## SQLDatabaseSequentialChain

Using the simple chain, I got the process working, but the results aren't great. If I point the input variables to very specific places it can get the right answer. But using the standard prompt template through langchain doesn't give the correct results for our test queries. This prompt feeds in the table creation statements and first few rows of each table. In doing this it then relies on the AI to take the useful information based on the input question.

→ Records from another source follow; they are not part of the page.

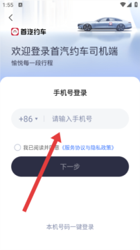3、注册完成后在手机号的登录界面,需要点击请输入手机号输入框,填写手机号码,为登录做准备。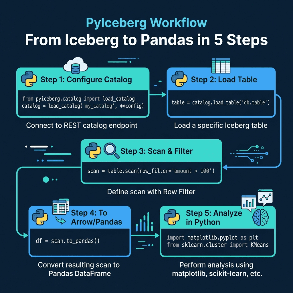 PyIceberg is the official Python library for Apache Iceberg. It reads Iceberg metadata directly and can scan data files without an external query engine.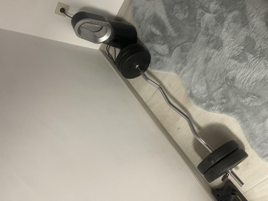 An indoor room in Varna, Bulgaria, is depicted from an elevated angle, showcasing a corner with plain white walls and light-toned wooden floorboards. A light gray, irregularly shaped faux fur rug partially covers the floor. In the corner, a black and silver Dyson Pure Cool Link fan/air purifier stands upright and is plugged into a two-prong electrical outlet mounted on the wall. A chrome-plated EZ curl bar, equipped with two black weight plates on each end, lies diagonally across the floor, extending from the lower-left foreground onto the gray rug. A section of black and yellow fitness equipment is visible in the bottom-left corner, resting against the wall. No individuals are present in the scene.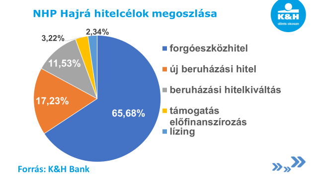 Aktív szerepet vállal a K&H Bank az NHP Hajrá hitelezésben. Áprilisi indulása óta ugyanis a pénzintézet több mint 173 milliárd forint értékben közel 1500 szerződést kötött. A pénzintézet által jóváhagyott hitelek jelentős része Észak-Magyarországhoz, illetve az alföldi régiókhoz köthető. Az ágazatok közül az agrárium számított a legaktívabbnak a hitelfelvételben, míg a települések között Debrecen, valamint Miskolc regionális üzleti központok emelkedtek ki.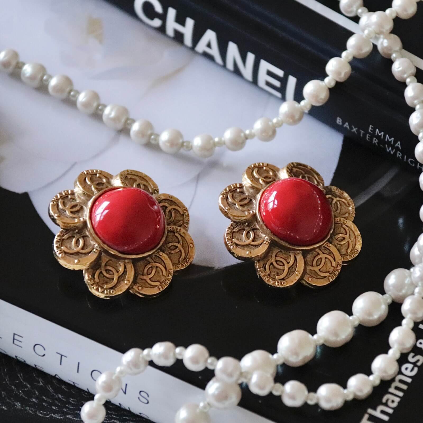 ヴィンテージ「シャネル」グリポアゴールドココマークフローラルイヤリング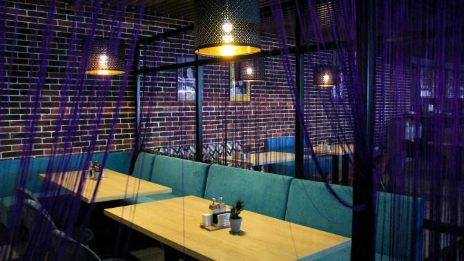 Уютный ресторан с европейским и детским меню, лаунж-зонами и обзором игровой площадки

I think there is some further prompt engineering I could do, but first I want to explore the other SQL options from Lanchain and iterate based on what I feel offers the best long-term solultions.

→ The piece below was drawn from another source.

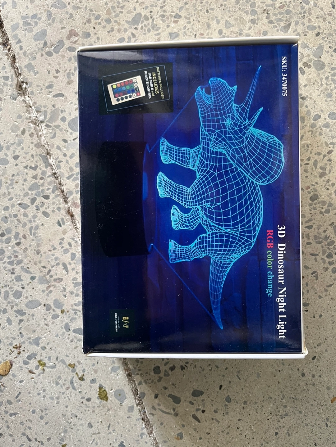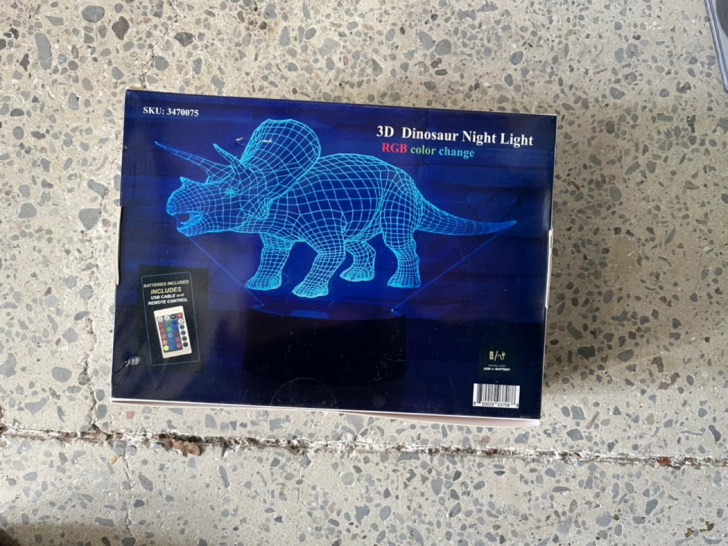 π Christmas Sale - Limited Time Offer!π 3D Dinosaur Night Light RGB color change Pick up by appointment only at 4590 Dufferin st, or 175 Hilda Avenue. Call/text : 647-988-1324 or message here Only one available, no holds without payment. --- π Product Details: Cool 3D Dinosaur Night Light RGB color change comes with remote and USB cable, works on batteries and plug Free usb plug will be included - Original Price: $29.99 + HST - Sale Price: $10 NO TAX. - Condition: Brand new π Donβt miss out on this festive deal! Grab yours before itβs gone!

This is this sequential chain that 1. Determines which tables to us based on the query. 2. Based on those tables, call the normal SQL database chain.

This sounds similar, but I'm curious if parsing these and asking the model to do this in 2 steps will improve performance.

In [1]:
from watermark import watermark
print(watermark())

Last updated: 2023-08-01T00:52:32.569591-07:00

Python implementation: CPython
Python version       : 3.11.4
IPython version      : 8.14.0

Compiler    : Clang 15.0.7 
OS          : Darwin
Release     : 22.5.0
Machine     : x86_64
Processor   : i386
CPU cores   : 8
Architecture: 64bit



### Imports

In [1]:
import pandas as pd
import os
from dotenv import load_dotenv

from langchain.vectorstores import Chroma
from langchain.embeddings import HuggingFaceEmbeddings
from langchain import HuggingFaceHub

from langchain import SQLDatabase, SQLDatabaseChain
from langchain.chains import SQLDatabaseSequentialChain
from langchain.prompts.prompt import PromptTemplate
from langchain.output_parsers import CommaSeparatedListOutputParser

### Copy Functions - Point to Database

I could build out the whole automation, but I just want to test this chain so I will point it to the right place and do a test on our simplest quesiton.

In [2]:
def db_select(persist_dir, query):
    """
    Load the schema info vector database from disk and run the input question against it to return the most likely database we need to pull data from.
    """
    #setup embeddings using HuggingFace and the directory location
    embeddings  = HuggingFaceEmbeddings()
    per_dir = persist_dir

    # load from disk
    vectordb = Chroma(persist_directory=per_dir, embedding_function=embeddings)

    #run prompt as query and get most likely results
    result = vectordb.similarity_search(query, k=1)

    #save variables
    top_schema = result[0].metadata['schema']
    top_table = result[0].metadata['table']
    table_cols = result[0].metadata['columns']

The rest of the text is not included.